Omit the pictures and return exactly the stretch of the material below from the line with "de 16h à 19h" through the line with "右側面には絞りリングのクリック・デクリックを設定できるスイッチを搭載。".

• EXTRACTED ENTRIES
________________________________________

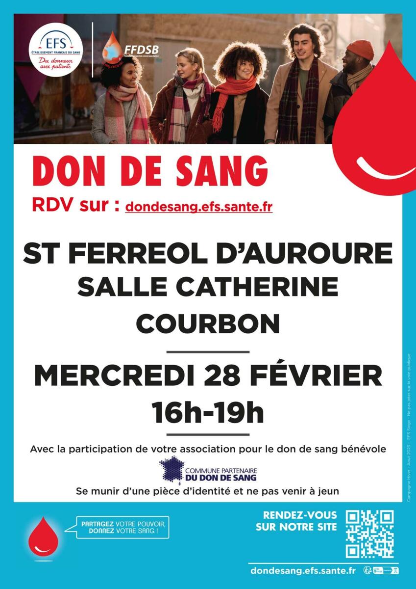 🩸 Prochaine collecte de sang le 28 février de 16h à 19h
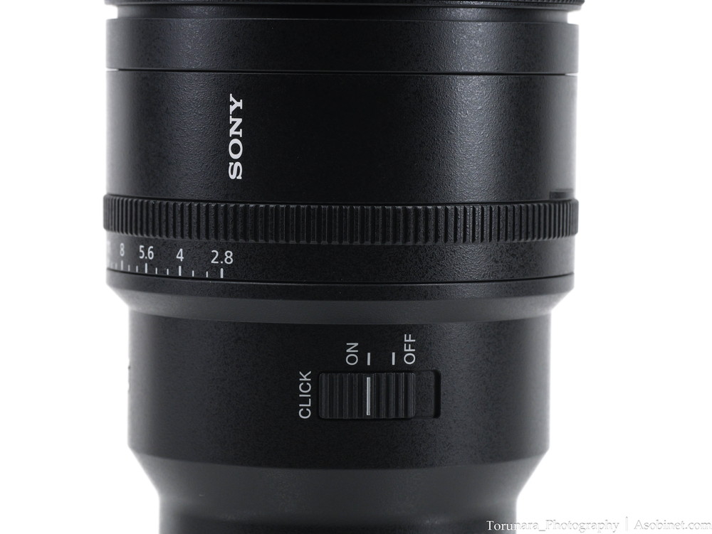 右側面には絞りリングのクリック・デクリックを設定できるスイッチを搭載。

________________________________________

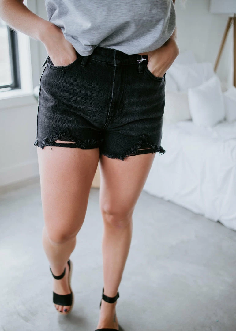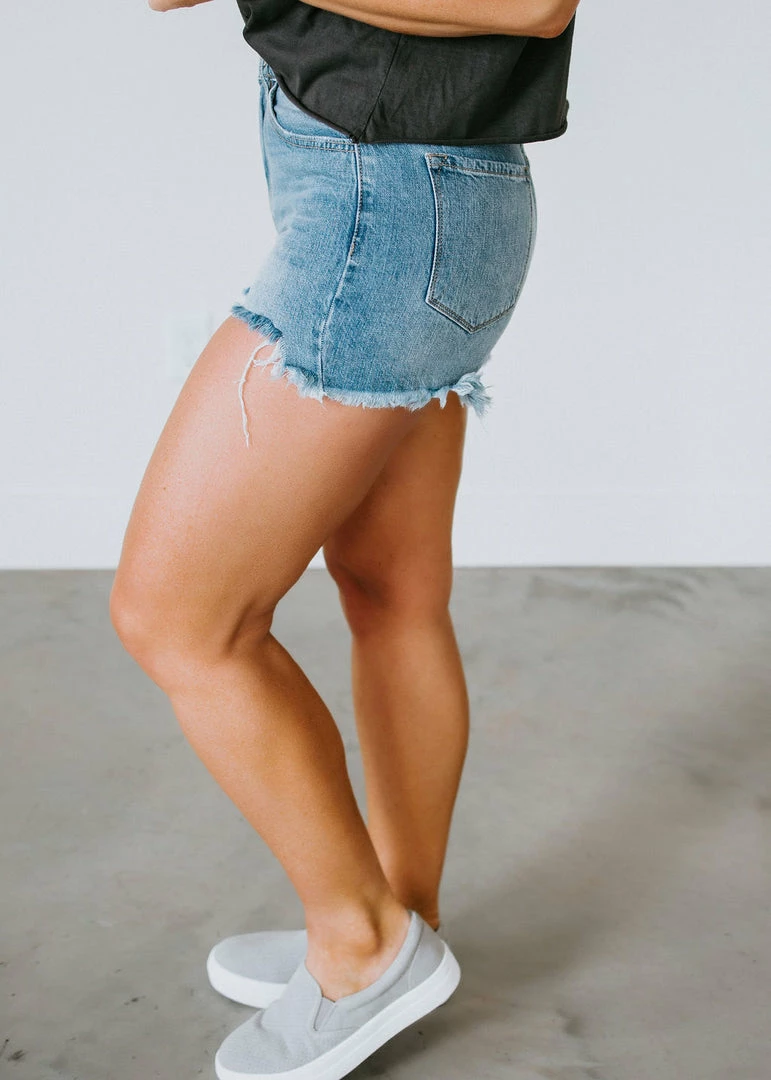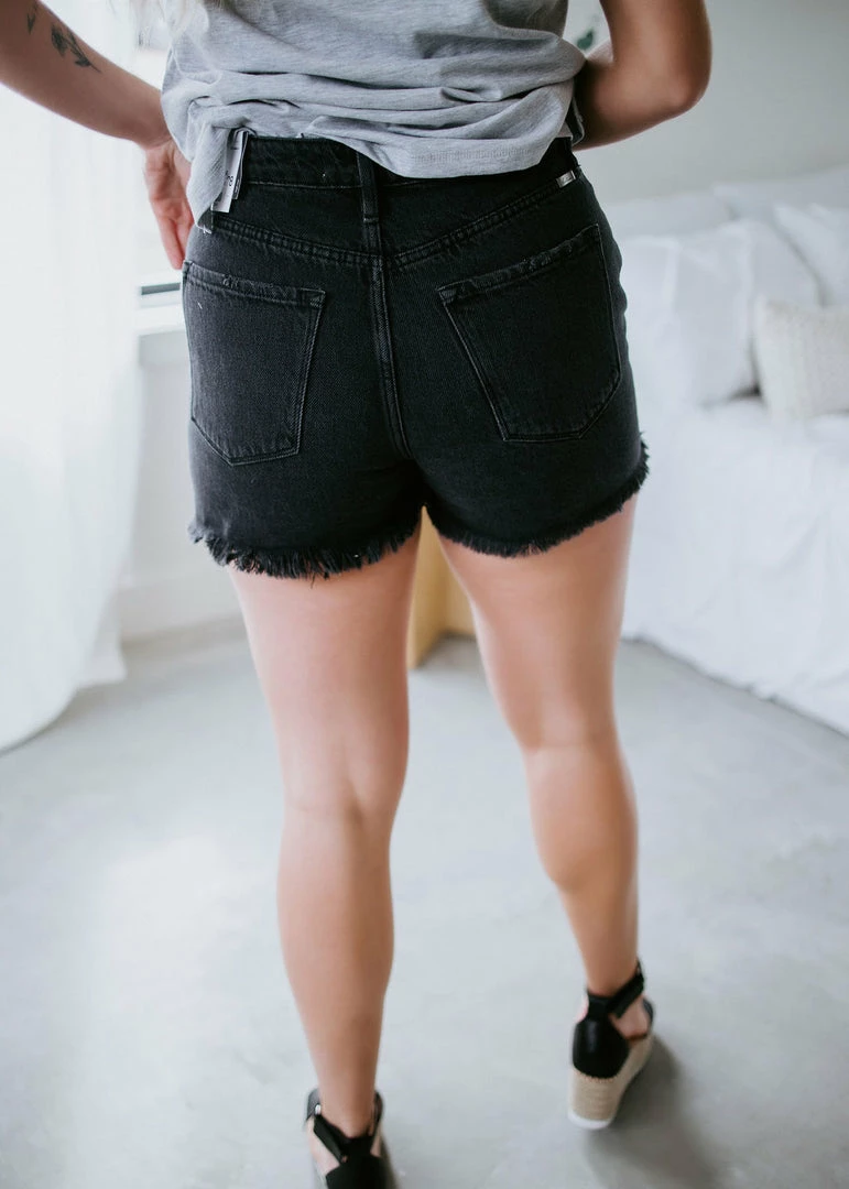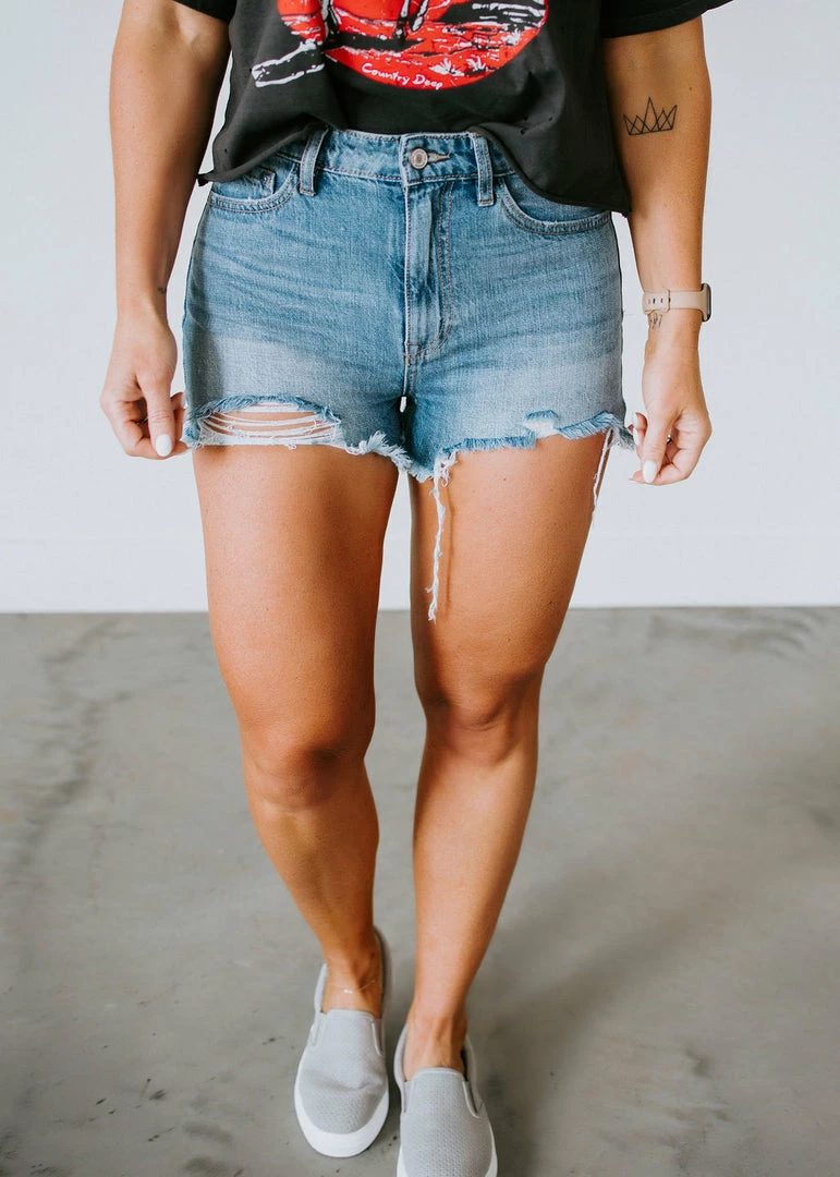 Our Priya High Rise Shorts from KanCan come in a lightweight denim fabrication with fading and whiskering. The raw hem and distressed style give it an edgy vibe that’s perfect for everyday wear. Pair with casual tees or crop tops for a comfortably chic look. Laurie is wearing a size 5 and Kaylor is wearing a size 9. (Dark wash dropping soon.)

________________________________________

• THE ANSWER
 🩸 Prochaine collecte de sang le 28 février de 16h à 19h
 右側面には絞りリングのクリック・デクリックを設定できるスイッチを搭載。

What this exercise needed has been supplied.